In the US, nearly 4,000 people await a heart transplant and more than six million live with heart failure caused by different cardiac conditions. To help address a shortage of life-saving organs, researchers have explored pig-organ transplants and titanium hearts as temporary solutions. Still, current transplant approaches require long-term immune suppression to prevent rejection, which increases the risk of organ failure. Some scientists, including Camila Hochman-Mendez, a biophysicist at the Texas Heart Institute, are trying a unique approach: bioengineering a “bioartificial” heart from a patient's own cells.
What’s the first step in engineering a bioartificial heart?
For years, preserving the heart’s native structure outside the body was difficult. But then, in 2008, Doris Taylor, who was at the University of Minnesota at the time, used a method called perfusion decellularization, which involves flushing detergents through the vasculature to remove cells while retaining the organ’s intricate structure—something 3D printing has yet to achieve.1 This process leaves behind a slimy, semi-transparent extracellular matrix that serves as a scaffold for new cells.
Which cells do you use to bioengineer a heart?
Initially, Taylor’s team reseeded the matrix with neonatal rat cardiomyocytes. In just a few days, the cells transformed into a system capable of contractions. The results were really striking. Around that same time, Shinya Yamanaka’s discovery of induced pluripotent stem cells (iPSCs) opened the door to reprogramming adult human cells. This presented an exciting opportunity to combine the two methods to build an artificial heart.
Taylor pivoted to this approach, and I joined the effort in 2017. We generated and introduced iPSC-derived smooth muscle cells, endothelial cells, and cardiomyocytes to the decellularized heart scaffold. While the cells grew into a heart-like structure, it didn’t function properly—it didn’t pump. We were disappointed. Although we generated the most anatomically accurate engineered heart, it wasn’t functioning correctly. When we looked into the data, we discovered that the iPSC-derived cells lacked maturity, or strength, to generate contractions.
How is your team coaxing iPSC maturation to generate a functioning heart?
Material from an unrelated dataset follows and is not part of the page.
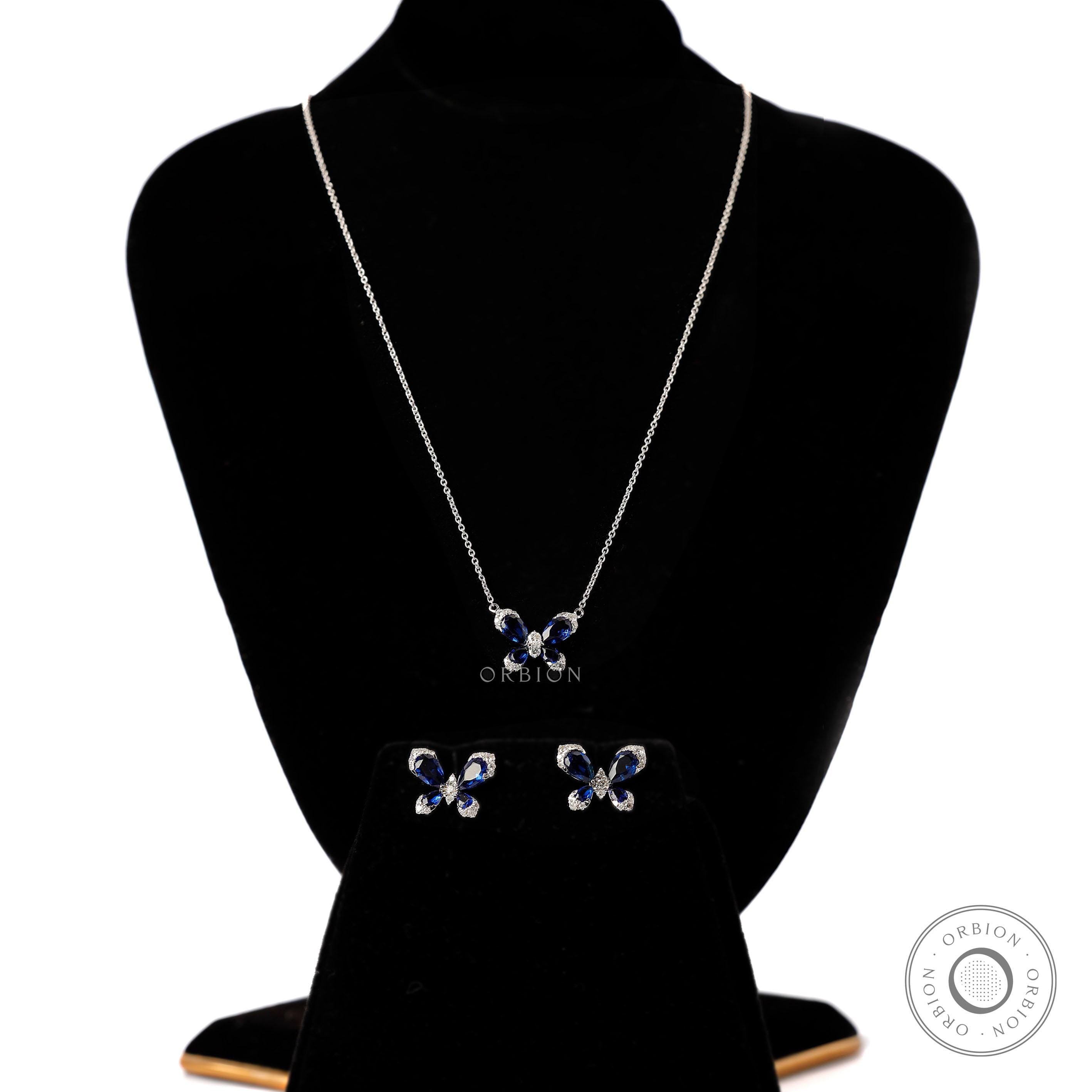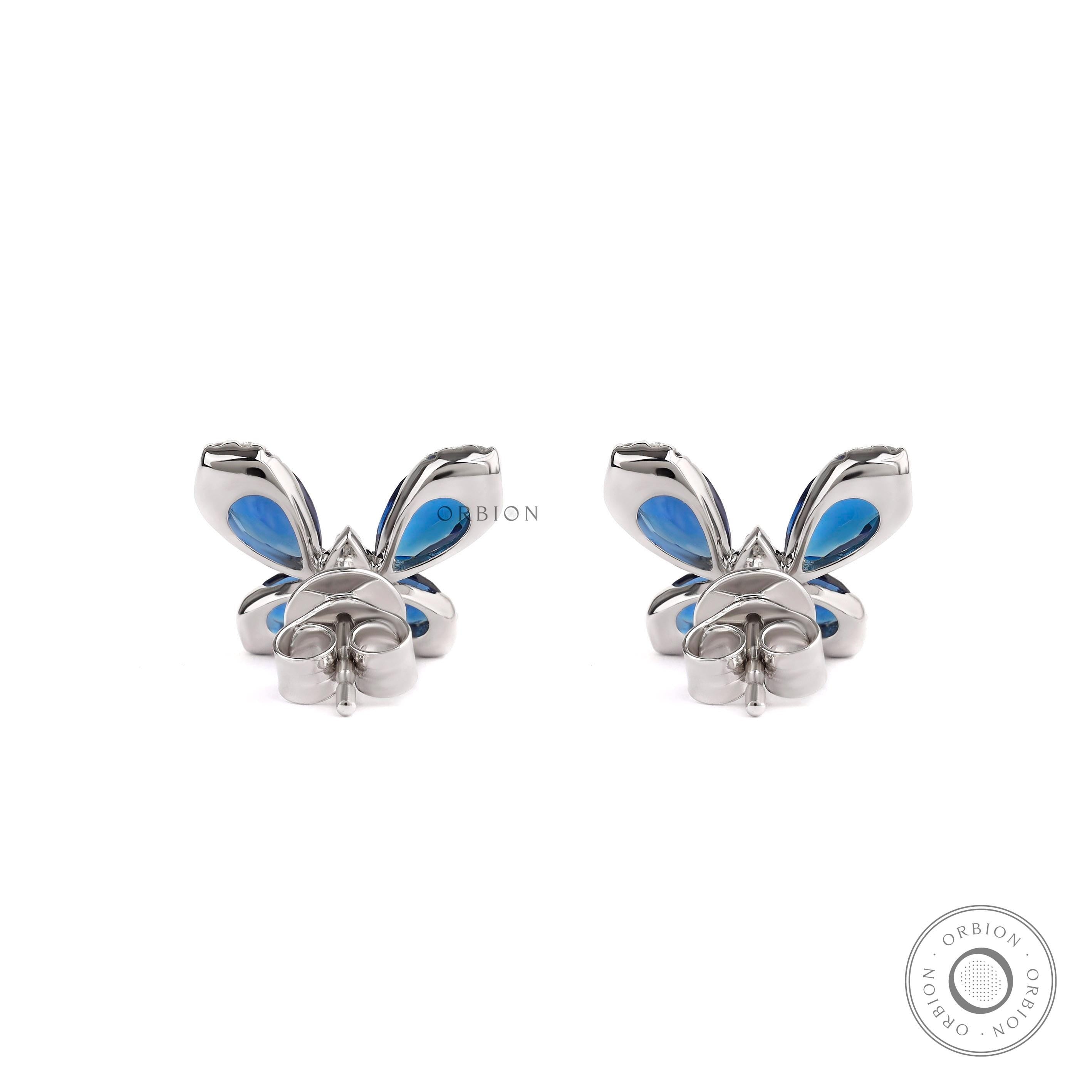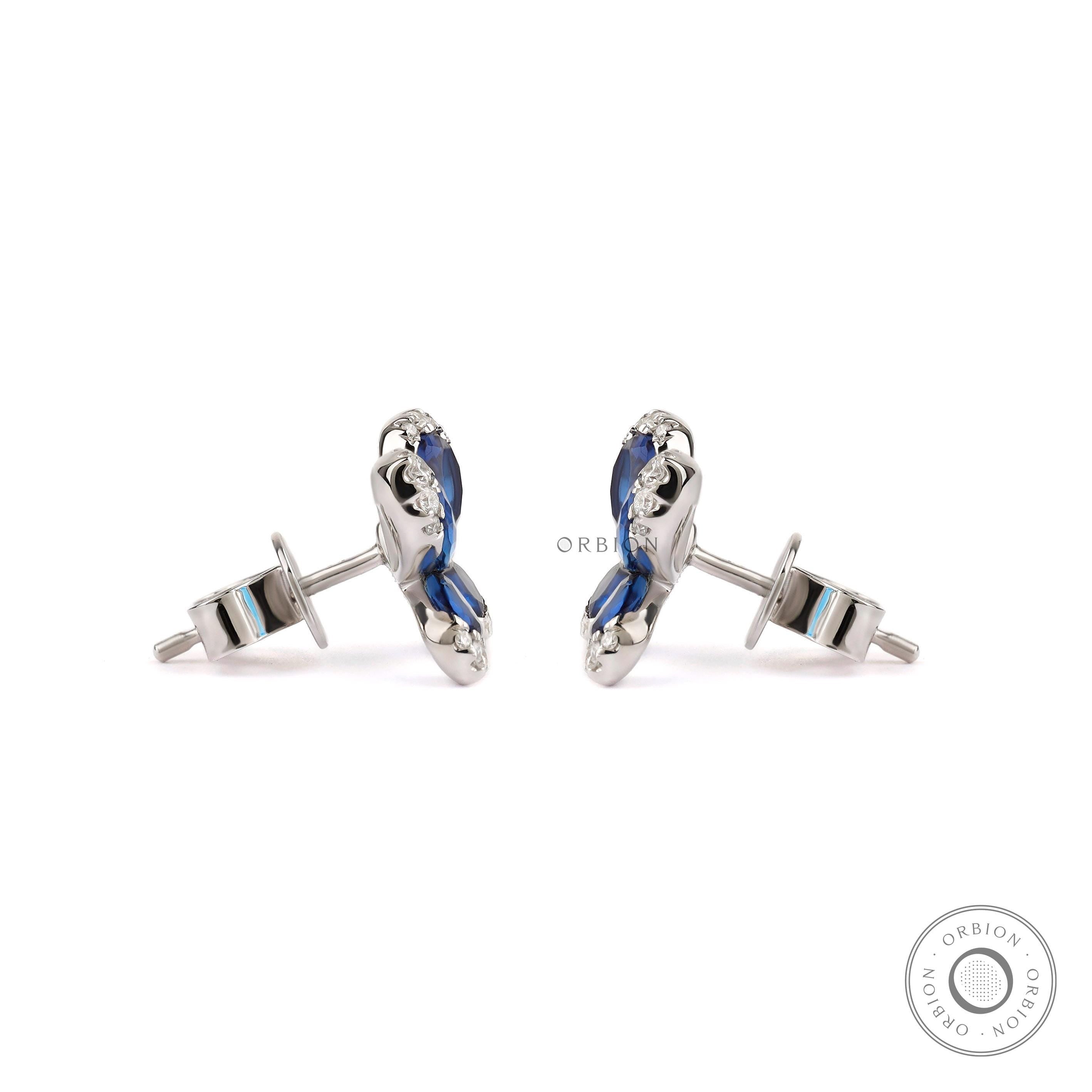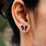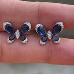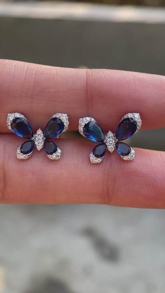 Butterfly Stud Earrings, Blue Sapphire & Lab Grown Diamond Earrings, White Gold Earrings, Push/Screw Back Stud Earrings, Insect Earrings

There has been a lot of skepticism about this approach—it took 10 years to get to the point where we could barely reproduce what we had shown in rats. But now, we think this was because we didn't have the right technology. I joke that the field has discovered 1,000 ways not to create a heart. A key issue was the technology itself: The bioreactors used to keep the hearts alive were designed for short-term studies, but our engineered hearts required 60 days of cultivation. We needed to develop a custom bioreactor capable of sustaining long-term growth while coordinating the electrical and mechanical stimulations needed to train, or mature, the iPSC-derived cardiomyocytes. With our new closed bioreactor system we’re hopeful we can address these challenges.2 The long-term goal is to use this technology for personalized regenerative therapies, which I hope will be in our lifetime, but it depends on how fast the technology advances. Twenty years ago, we didn’t think we could generate tissues using human cells, but iPSC technology made that possible.
This interview has been edited for length and clarity.
- Ott HC, et al. Nat Med. 2008;14(2):213-221.
- Morrissey J, et al. Cells Tissues Organs. 2022;211(4):395-405.